10 Responses to Letter: Winning by any means not actually a win

  1. Angry Lyndon Mom says:

    Having one son who was at Lyndon for 7th-12th grade sports and a second son at Lyndon longer, also myself being a former middle school and high school student athlete, I in many ways agree, in my opinion being a student athlete, coach, asst coach, trainer or team manager is not supposed to be always all about the win. Please don’t get me wrong the win is awesome for the winning team but school athletics is about helping teach our kids how to deal with the WINS AND LOSSES in life.

    My older son loved Lyndon School sports, and my youngest son decided to try to share in that love but was told he shouldn’t waist everyone’s time by being part of the Lyndon High basketball team “Because you didn’t play in middle school and the coach dose not have the time to teach you the game!” It is my understanding that as the coach their JOB is to TEACH THE KIDS THE GAME! am I wrong?

  2. Lyndon student says:

    that group of students is called a student section just fellow student showing support

    • Jonathan N Weber says:

      Interesting how said "support" only occurred when the opposite team had the ball, and including random noise making, but when Lyndon had the ball the section was effectively silent. Also interesting how it occurred within inches of the court, instead of from the stands. No, I don't buy that at all. It was part of the defensive strategy of the team, whether the "student section" was aware of that. Again… not "illegal" – but clearly not relative to Lyndon's skills and ability at the game of basketball.

  3. Lyndon student says:

    we have always been taught good sportsmanship at Lyndon and if we disrespect the other players we would get benched… maybe we have different point of views on sportsmanship

  4. Shawn Fund says:

    Lyndon's kids are well coached and work hard! This guy is out of touch with reality.

  5. Grandpa of players on both teams says:

    I attended the game and have to agree with Mr.Webers assessment. Lyndon has a very talented group of young players. Cheering them as they work hard to achieve their goals is fine. The jeering from staff,students,and parents that formed a line at the court was excessive. I certainly don’t see Mr Weber as a week minded easily offended individual. See the truth in this is the message we send to the future our young. Perhaps weaker is a closed and narrow minded individual whom is obviously offended by free speech. God bless America. My Grandsons on both teams will no doubt surpass us.

  6. Kube Feuerborn says:

    To this..there is SO very much I’d like to say.

    Our kids work VERY hard, and the support from the community for these kids is SECOND TO NONE. I’m very proud to be a part of this athletic community.

    I have 2 boys who play ball for Lyndon and they have nothing but admiration and respect for the coaching staff, cheering sections and fans.

    I actually applauded several times when one of our former students on the Melvern team did well.

    One of my boys, who plays Varsity, was disrespected by his Melvern opponent, and taunted, the entire game. What did my son do? He let his game speak for himself and not run his mouth back. He didn’t feel the the need to get offended by it. Even after the kid said to him, “we didn’t think Lyndon was going to be a problem for us”. I’m very proud of my son.

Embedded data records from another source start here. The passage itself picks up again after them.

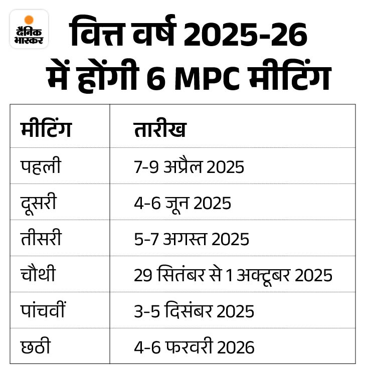 मॉनेटरी पॉलिसी कमेटी में 6 सदस्य होते हैं। इनमें से 3 RBI के होते हैं, जबकि बाकी केंद्र सरकार द्वारा नियुक्त किए जाते हैं। RBI की मीटिंग हर दो महीने में होती है। बीते दिनों रिजर्व बैंक ने वित्त वर्ष 2025-26 की मॉनेटरी पॉलिसी कमेटी की बैठकों का शेड्यूल जारी किया था। इस वित्तीय वर्ष में कुल 6 बैठकें होंगी। पहली बैठक 7-9 अप्रैल को हुई थी।
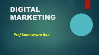This document provides an overview of digital marketing. It defines digital marketing as marketing products or services using digital technologies like the internet and mobile phones. The benefits of digital marketing include the ability to reach the right audience, engage and motivate them to take action in order to maximize return on investment. Digital marketing consists of tools like SEO (search engine optimization), PPC (pay-per-click advertising), SMM (social media marketing), and content writing. SEO involves optimizing websites to rank higher in organic search results. PPC involves paying to display ads and only being charged when users click on them. SMM uses social media as a marketing channel to increase brand exposure and traffic. Content writing provides relevant content for target audiences
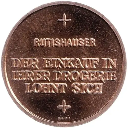 | Obverse lettering | + RUTISHAUSER DER EINKAUF IN IHRER DROGERIE LOHNT SICH + HUGUENIN (Translation: Rutishauser, your drugstore purchases are well worth it.) |
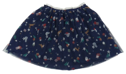 Tmavomodrá tylová sukňa s vánočními obrázky Tu
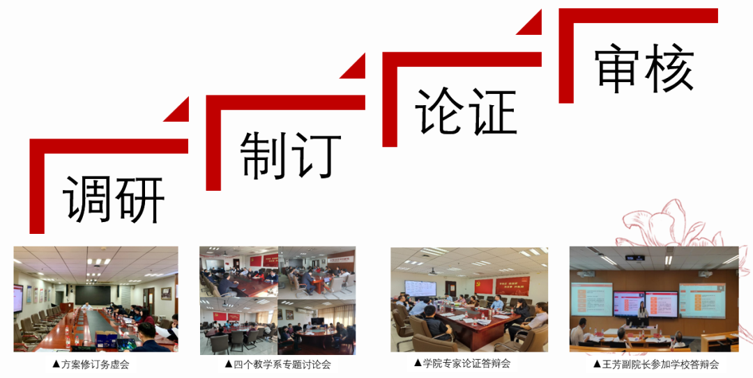 扎实落实,博采众长,对标一流水平。半年来,学院及各系广泛调研了国内外一流高校相关专业优秀经验,充分听取教师、学生、毕业生、教学管理部门等各方面意见和建议,加强与合作学院沟通协调,多次自上而下、自下而上反复优化方案,召开专家论证会进行严格论证,党政联席会多次审议,顺利通过学校答辩,最终形成了2022级本科培养方案。
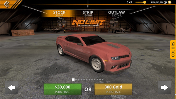 2、在这里大家可以购买自己喜欢的赛车,在足够的金币下哦!
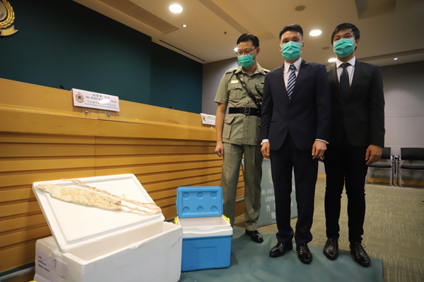左起:海關機場科空運貨物課監督劉青龍、海關有組織罪案調查科高級監督胡偉軍、漁農自然護理署瀕危物種保護主任陳翰奇。
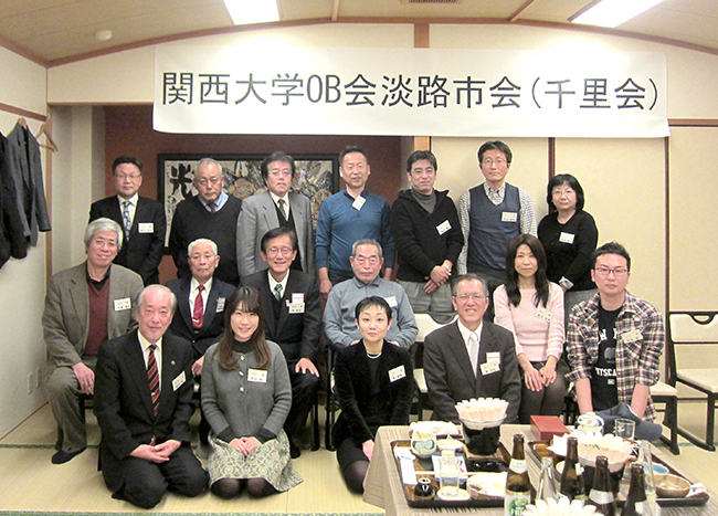 淡路市在住校友を中心とする淡路支部・淡路市会(千里会)が、2月11日に淡路市の北淡震災記念公園レストラン「さくら」で、来賓に細田聰淡路支部長、佐渡達史幹事長を迎えて4年ぶりに開催された。
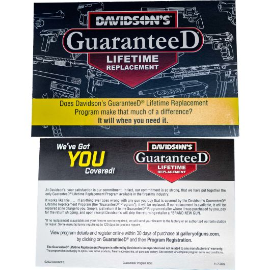 Features: 10 Pack of Warranty Cards | Davidson’s GuaranteeD | Lifetime Replacement Program | For Consumers
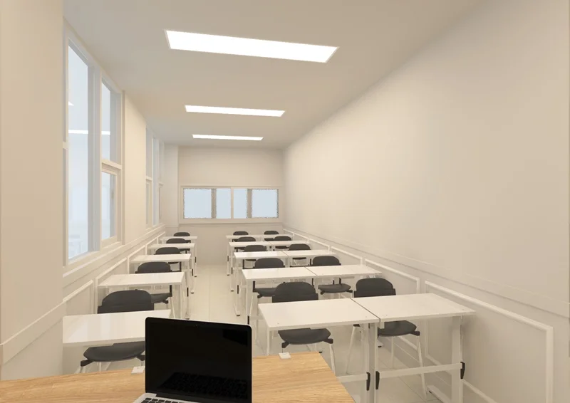 이를 위해서는 컬러 선택과 조명 계획이 중요합니다. 블루나 그린 계열의 컬러는 차분함과 안정감을 높여주며, 화이트나 그레이 계열의 컬러는 모던하고 깔끔한 분위기를 연출할 수 있습니다. 또한, 밝은 조명과 어두운 조명을 적절히 활용하여 수업 시간과 휴식 시간에 따라 분위기를 조절할 수 있도록 합니다.

    When my other son, who doesn’t normally play varsity, entered the court and sunk a 3 in the last quarter, your dang right we erupted! It’s not because we are taunting, it’s because he works hard and everyone knows it and it was a feel good moment to see him perform so well. It’s not always about you. It’s about our players. Weather down by 20 or up by 40, we will cheer and encourage our boys to the end. I’m proud of that.

    Don’t talk about our boys and their tactics on the court, unless you recognize what happened from the Melvern side on the court as well.

    This letter is an attack on these hard working boys and the town as a whole. As the kids say now days, “don’t hate”. What would YOU have the kids do? Sit and quietly give silent golf claps when someone scores? Cheer for the other team, because they are down by 30?

    And I will also add, that people like you are the problem with society today. Getting offended by stupid stuff like this is exactly why so many today have no spine or backbone. Focus on bigger issues. This community knows exactly what we are and what we are made of and this letter will not change that, only make us defend ourselves. Give me a break.

    Forever and always, winning or losing, Go Tigers!

    • Jonathan N Weber says:

      Kube, you did not address any of the things I mentioned with the exception of the 3 pointer while 40 points up. I take it that all of it is acceptable to you then? Or is this a "but they do it to"? Do you accept that from your boys?

      It's great to get excited when your kid is doing well. It's entirely another to see a team that is being thoroughly defeated, and pile it on more. If you don't recognize the thrust of what I am seeing, and only reading "offended" language, you need to re-read, or just recognize you are too entwined in the pride of Lyndon to actually understand what I'm saying.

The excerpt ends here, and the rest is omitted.